EXERCISE: The entries below are to be transcribed in full, without their images.

RECORDS SUPPLIED:
▬▬▬
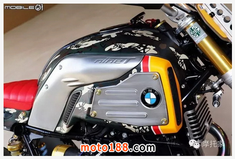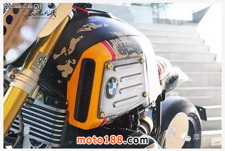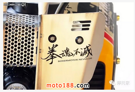 ‘拳魂不滅’中文字樣與底下的英文‘BOXERMOTOR NEVER DIE’是這臺車的主題,R-nineT 采用水平對臥空油冷引擎又被稱為拳擊手引擎,所以這臺車除了是一種 BMW 特有引擎的精神傳遞外,透過這串主題向 BMW 經典引擎致敬。
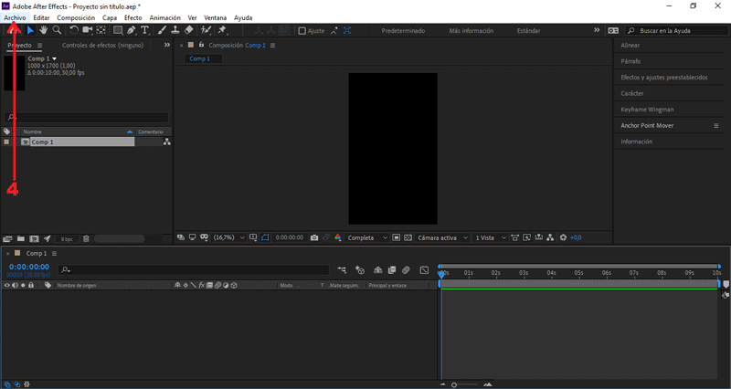 Empezaremos creando una nueva composición.
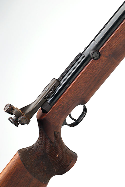 A .177 BREAK-BARREL RECOILLESS AIR-RIFLE SIGNED ORIGINAL, MODEL '66', serial no. 731865, for June 1973,with locking blued 18in. barrel (weight removed and missing), blued air-chamber, micro adjustable peep-sight and tunnel fore-sight, walnut half-stock, probably requires re-sealing internally, COMPLETE WITH a padded camouflage gun-bag (2)
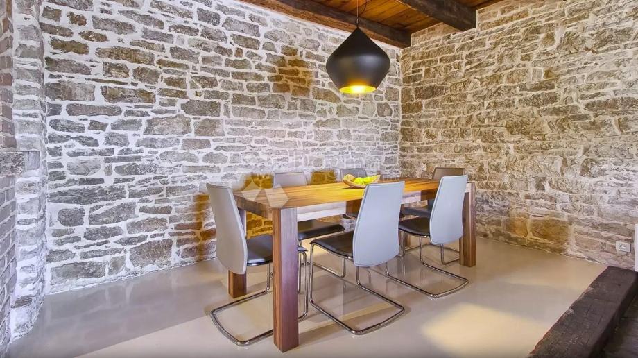 Ta čudovito renovirana hiša, ki se nahaja v okolici Poreča, s površino 130 m² in vrtom 382 m², je popoln primer uravnoteženega sklada modernega oblikovanja in tradicionalnega istrskega načina življenja. Vsak podrobnost je bila skrbno premišljena in zasnovana, s posebno pozornostjo pri uporabi izvirnih materialov. Večina sten je obložena s starim kamnom, kar tej vili daje avtentičen in rustikalni čar.
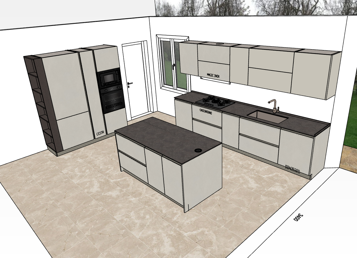 contemporary kitchen design featuring sleek cabinetry in light beige with matte finish countertops in dark charcoal gray with subtle texture floor tiles in warm muted beige with marble pattern crisp white walls for modern ambiance large window allowing natural light creating a cozy yet sophisticated atmosphere luminous morning sunlight casting soft shadows creating a harmonious balance between elegance and comfort
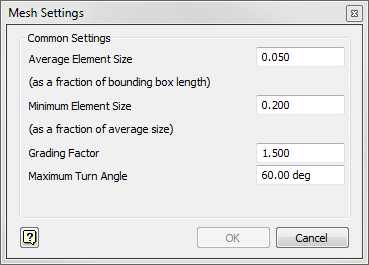 Use the Mesh Settings to manually control the Average Element Size, Minimum Element Size, Grading Factor, and Maximum Turn Angle.
▬▬▬
RESPONSE TO THE EXERCISE:
 ‘拳魂不滅’中文字樣與底下的英文‘BOXERMOTOR NEVER DIE’是這臺車的主題,R-nineT 采用水平對臥空油冷引擎又被稱為拳擊手引擎,所以這臺車除了是一種 BMW 特有引擎的精神傳遞外,透過這串主題向 BMW 經典引擎致敬。
 Empezaremos creando una nueva composición.
 A .177 BREAK-BARREL RECOILLESS AIR-RIFLE SIGNED ORIGINAL, MODEL '66', serial no. 731865, for June 1973,with locking blued 18in. barrel (weight removed and missing), blued air-chamber, micro adjustable peep-sight and tunnel fore-sight, walnut half-stock, probably requires re-sealing internally, COMPLETE WITH a padded camouflage gun-bag (2)
 Ta čudovito renovirana hiša, ki se nahaja v okolici Poreča, s površino 130 m² in vrtom 382 m², je popoln primer uravnoteženega sklada modernega oblikovanja in tradicionalnega istrskega načina življenja. Vsak podrobnost je bila skrbno premišljena in zasnovana, s posebno pozornostjo pri uporabi izvirnih materialov. Večina sten je obložena s starim kamnom, kar tej vili daje avtentičen in rustikalni čar.
 contemporary kitchen design featuring sleek cabinetry in light beige with matte finish countertops in dark charcoal gray with subtle texture floor tiles in warm muted beige with marble pattern crisp white walls for modern ambiance large window allowing natural light creating a cozy yet sophisticated atmosphere luminous morning sunlight casting soft shadows creating a harmonious balance between elegance and comfort
 Use the Mesh Settings to manually control the Average Element Size, Minimum Element Size, Grading Factor, and Maximum Turn Angle.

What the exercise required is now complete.